Delayed notifications

Incident Report for Buildkite

Postmortem

This incident was the result of a lack of capacity in the group of workers that services outbound notifications queues. Notification queue latency reached 8 minutes due to this lack of capacity. During a blue/green rollout of these workers, autoscaling was manually disabled to increase the number of workers serving the queue in preparation for migrating the processing of background jobs between the blue and green side of the deployment. After shifting background workload across to the new workers, autoscaling was not re-enabled which prevented the deployment from scaling up to maximum capacity. We’re improving the documentation and tooling involved in this blue/green deployment process to prevent a recurrence of this issue and improve visibility into the status of autoscaling.
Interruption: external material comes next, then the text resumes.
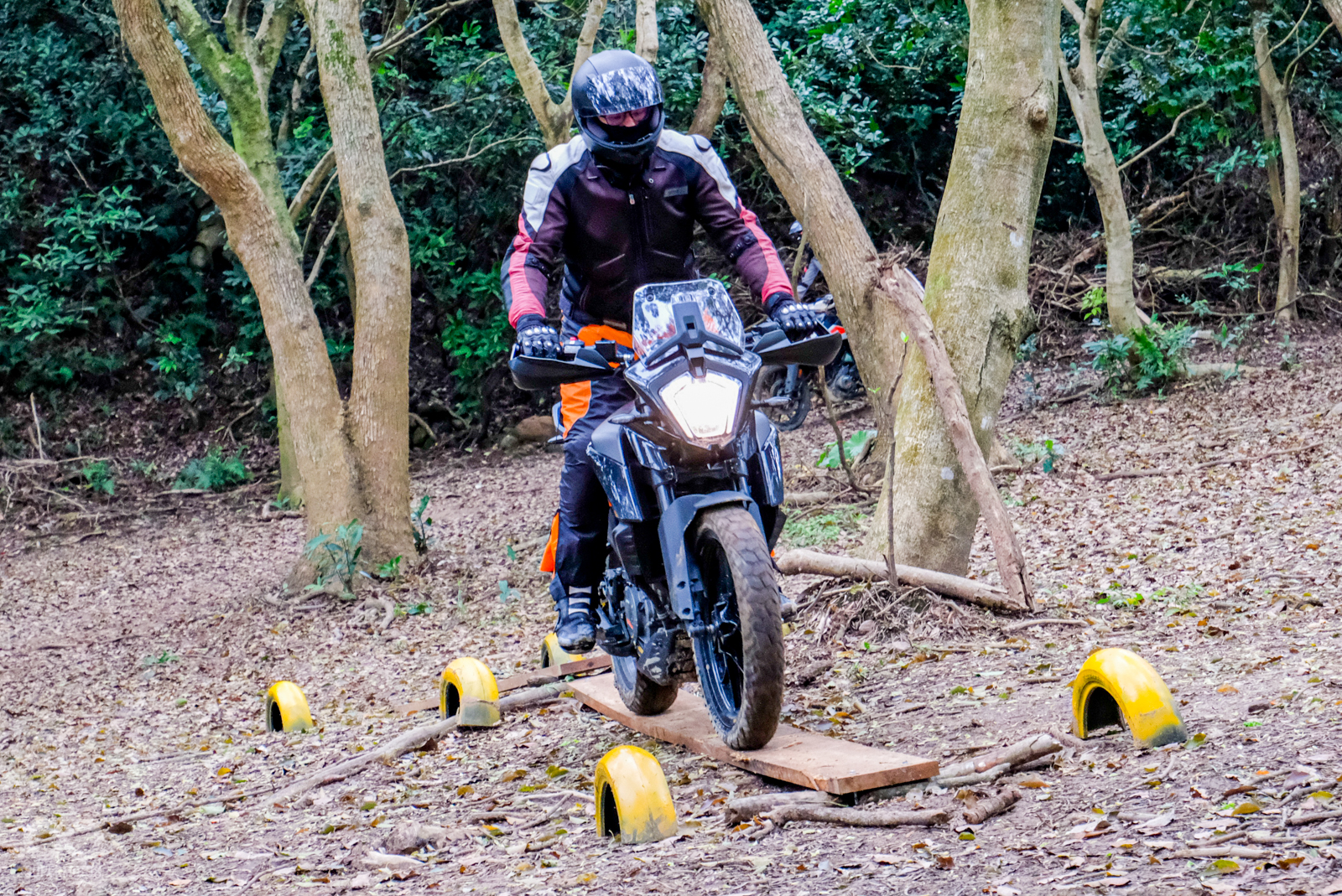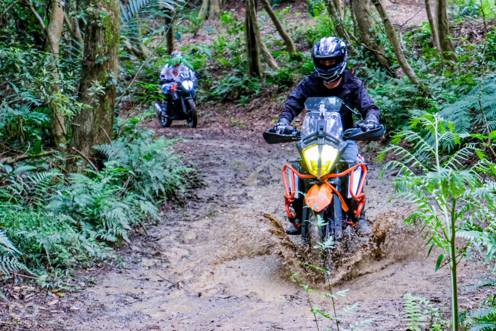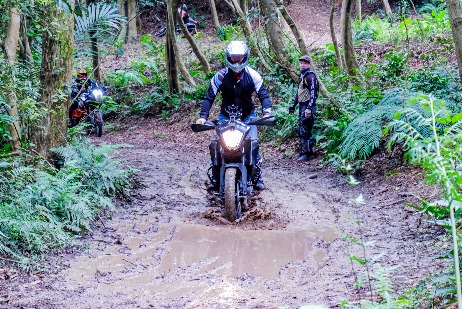 下一步則是進入正式的林道探索,這次MSF教練們安排的越野路線雖然看似簡單,但依舊有不少關卡的挑戰,加上課程當日早上有不小的雨勢,地面略微濕滑,部份路面甚至有積水的水坑,對於使用原廠胎的ADVENTURE車友來說是相當刺激的挑戰。

Posted 2 years ago. Apr 04, 2023 - 03:46 UTC

Resolved

This incident has been resolved.
Posted 2 years ago. Apr 04, 2023 - 02:50 UTC

Identified

We've identified an issue with notification delays and have scaled up capacity to deal with it.
Posted 2 years ago. Apr 04, 2023 - 02:40 UTC

Investigating

We are investigating delays to build and job notifications such as commit status and other webhooks
Posted 2 years ago. Apr 04, 2023 - 02:26 UTC
This incident affected: Notifications (GitHub Commit Status Notifications, Email Notifications, Slack Notifications, Webhook Notifications).